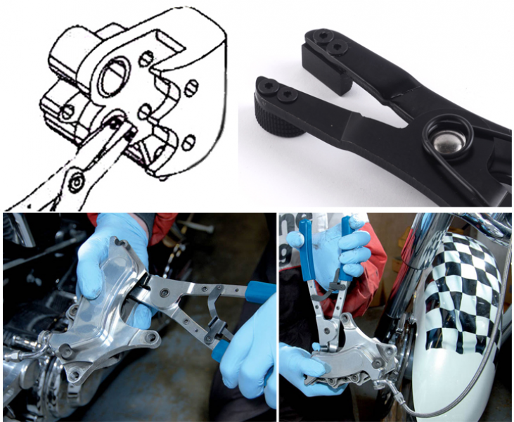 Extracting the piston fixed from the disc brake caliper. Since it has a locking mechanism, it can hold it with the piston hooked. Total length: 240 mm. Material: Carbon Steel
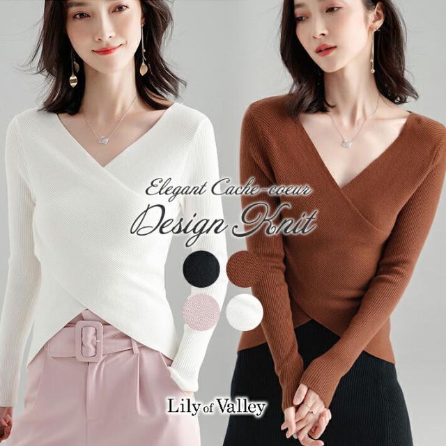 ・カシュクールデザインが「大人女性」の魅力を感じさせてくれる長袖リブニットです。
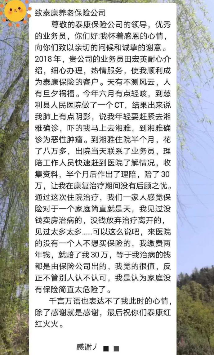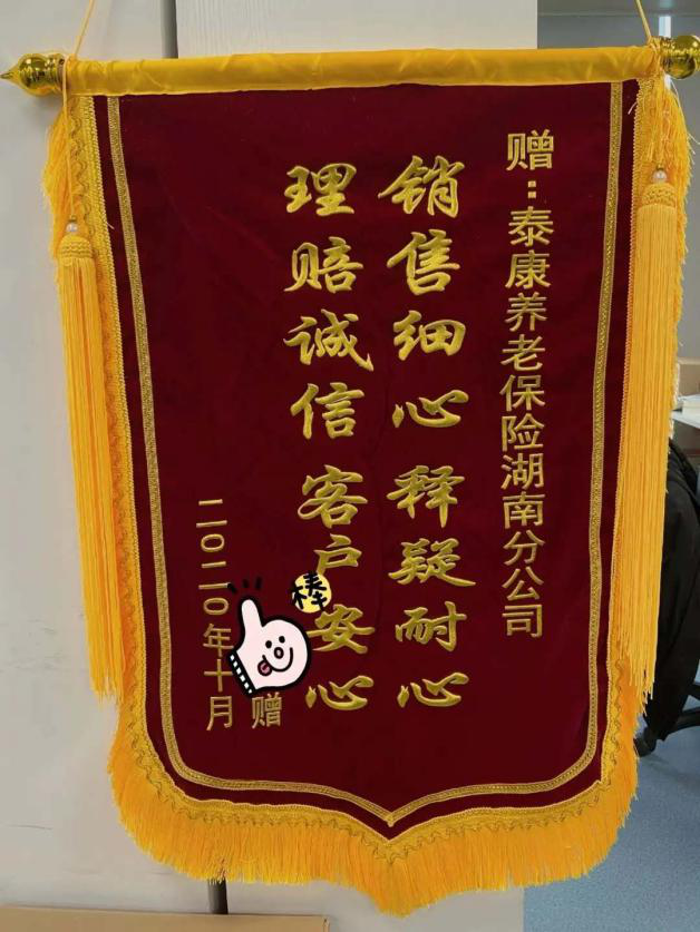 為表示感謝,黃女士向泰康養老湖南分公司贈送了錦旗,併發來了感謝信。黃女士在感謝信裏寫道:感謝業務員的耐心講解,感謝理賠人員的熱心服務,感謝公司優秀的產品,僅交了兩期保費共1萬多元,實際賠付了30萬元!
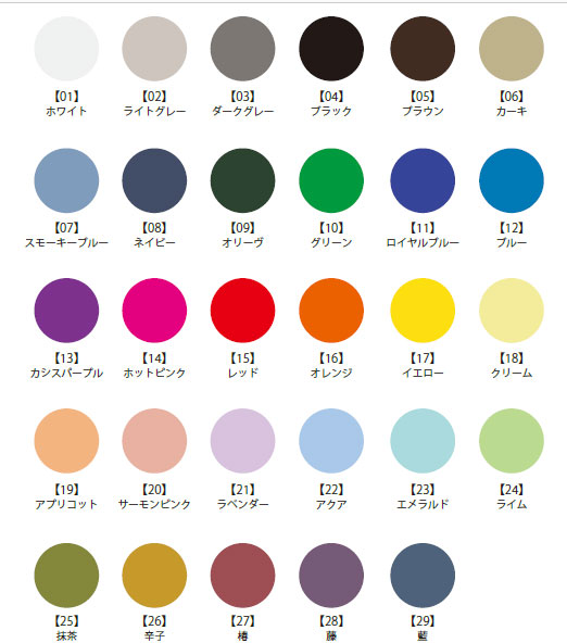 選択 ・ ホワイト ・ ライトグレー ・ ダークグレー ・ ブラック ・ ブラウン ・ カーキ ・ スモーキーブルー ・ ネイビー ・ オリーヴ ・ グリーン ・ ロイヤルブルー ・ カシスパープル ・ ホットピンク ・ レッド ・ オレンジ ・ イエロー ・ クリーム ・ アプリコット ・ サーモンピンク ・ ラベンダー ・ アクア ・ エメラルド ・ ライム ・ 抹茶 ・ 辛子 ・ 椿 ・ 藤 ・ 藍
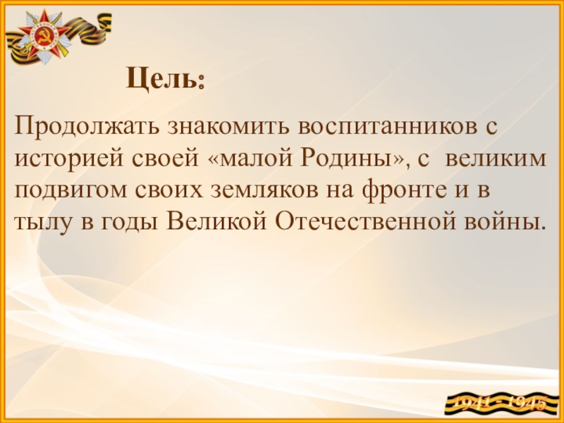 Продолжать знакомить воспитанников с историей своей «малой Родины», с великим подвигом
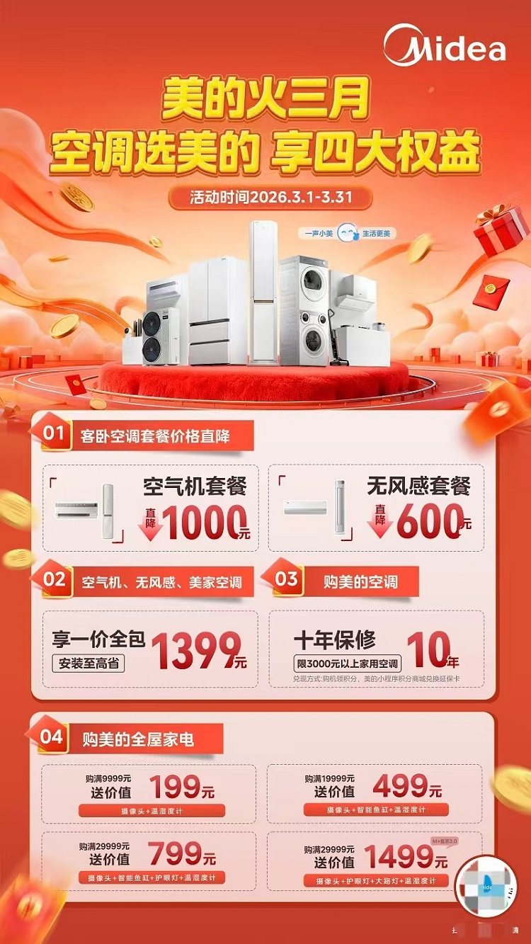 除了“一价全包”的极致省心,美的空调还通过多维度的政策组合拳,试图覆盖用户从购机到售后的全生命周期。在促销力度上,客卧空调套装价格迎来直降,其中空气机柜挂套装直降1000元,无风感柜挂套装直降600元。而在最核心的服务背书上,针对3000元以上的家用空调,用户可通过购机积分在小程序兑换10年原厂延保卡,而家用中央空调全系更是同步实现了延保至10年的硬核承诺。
...
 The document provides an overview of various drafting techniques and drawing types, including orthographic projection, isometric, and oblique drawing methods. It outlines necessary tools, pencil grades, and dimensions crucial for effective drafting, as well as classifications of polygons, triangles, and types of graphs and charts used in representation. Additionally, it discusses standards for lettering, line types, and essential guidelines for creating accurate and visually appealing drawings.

*Requirement:* Please repeat, exactly as written, the lines in the records above, starting with the one that has "Extracting the piston" and going on through the one that has "為表示感謝,黃女士向泰康養老". Pictures are to be left out.

*Exercise output:*
 Extracting the piston fixed from the disc brake caliper. Since it has a locking mechanism, it can hold it with the piston hooked. Total length: 240 mm. Material: Carbon Steel
 ・カシュクールデザインが「大人女性」の魅力を感じさせてくれる長袖リブニットです。
 為表示感謝,黃女士向泰康養老湖南分公司贈送了錦旗,併發來了感謝信。黃女士在感謝信裏寫道:感謝業務員的耐心講解,感謝理賠人員的熱心服務,感謝公司優秀的產品,僅交了兩期保費共1萬多元,實際賠付了30萬元!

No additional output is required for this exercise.